We can't help but think: Why can the US debt continue to increase? This may be closely related to its representative system of congressmen - the dispute among congressmen over the debt ceiling is essentially a discussion on whether to meet the growing payment needs, and behind this demand is the protection of the interests of their respective voters. Although this clue is not enough to fully explain the root cause of the rising debt, it at least reveals a phenomenon: public procurement (including transfer payments to residents), which accounts for a large proportion of the federal government's borrowing, may drive the debt level to continue to rise.
The demand behind this debt growth may also reflect the balance of interests of different groups in the internal economic structure of the United States. At the same time, since the reform and opening up, China has continuously upgraded its industry and manufacturing capabilities with its export-oriented strategy, and has gradually become an important supplier in the global supply chain. In fact, the United States has always played the role of the demand side, but has shifted its choice of suppliers based on the principle of purchasing the best products at a good price. From the perspective of economic logic, this choice is a trust in supply capacity. On the other hand, producers selling to the United States is a trust in its ability to pay. If the United States lacks the ability to pay, there will be no continuous import of goods. This supply and demand relationship also reflects the interdependence in geo-economics from the side.

From the long-term historical trajectory of US import tariffs, the changes since 1890 are quite revealing: from 1890 to the 1980s and 1990s, the US tariff level showed a systematic downward trend, which happened to be accompanied by its vigorous economic growth and became a landmark development process. In the early days of China's reform and opening up, the United States' lower tariff barriers actually opened up its import market to the world, providing opportunities for capable suppliers, including China, to provide exports to boost the economy.
However, the current tariff policy has shown a significant reversal trend, as if it has returned to the protectionist model of sixty or seventy years ago or even earlier overnight. Can this policy shift really bring the expected benefits? In fact, the essence of trade is voluntary transactions, not compulsory behavior.

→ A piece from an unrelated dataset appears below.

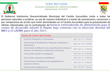 El Gobierno Autónomo Descentralizado Municipal del Cantón Sucumbíos invita a todas las personas naturales o jurídicas, ya sea de manera individual o a través de asociaciones, consorcios o por compromiso de asociación, que estén domiciliadas en el Cantón Sucumbíos, para la presentación de ofertas relacionadas con la contratación de

If you want to attract manufacturing back to China by simply raising tariffs, it completely ignores the difficulty of rebuilding a complex supply chain system in the short term, and it is also questionable whether market players have enough willingness to respond.
In comparison, the actual effect of this tariff policy is more like a continuation of the "America First" tax reduction policy - rather than being able to achieve goals such as industrial repatriation, it is more like serving a specific policy logic and interest groups.
The demand for the expansion of the US debt scale always exists, and the tax reduction policy is inherently contradictory to this demand - although tax reduction is in the interests of business owners, the rigid pressure on public spending has not been reduced. In this context, the imposition of tariffs is more like a replacement of the source of policy funds: it is hoped that the social responsibilities that domestic enterprises should bear will be transferred to foreign importers, thereby "reducing the burden" for local enterprises.
This policy sends a signal to voters that "the cost is borne by foreign countries", but the reality is obviously not the case: the ultimate bearer of tariffs is actually American consumers. Once tariffs are raised, the price of imported goods will most likely eventually rise, and American consumers will pay for it. What is more noteworthy is that American domestic companies may also take the opportunity to follow suit and raise prices. Since profits can be maintained without technological innovation or efficiency improvement, companies naturally lack the motivation to improve, and all costs will eventually be passed on to consumers. As for whether consumers can see the chain of interests behind this policy, it may take time to give an answer.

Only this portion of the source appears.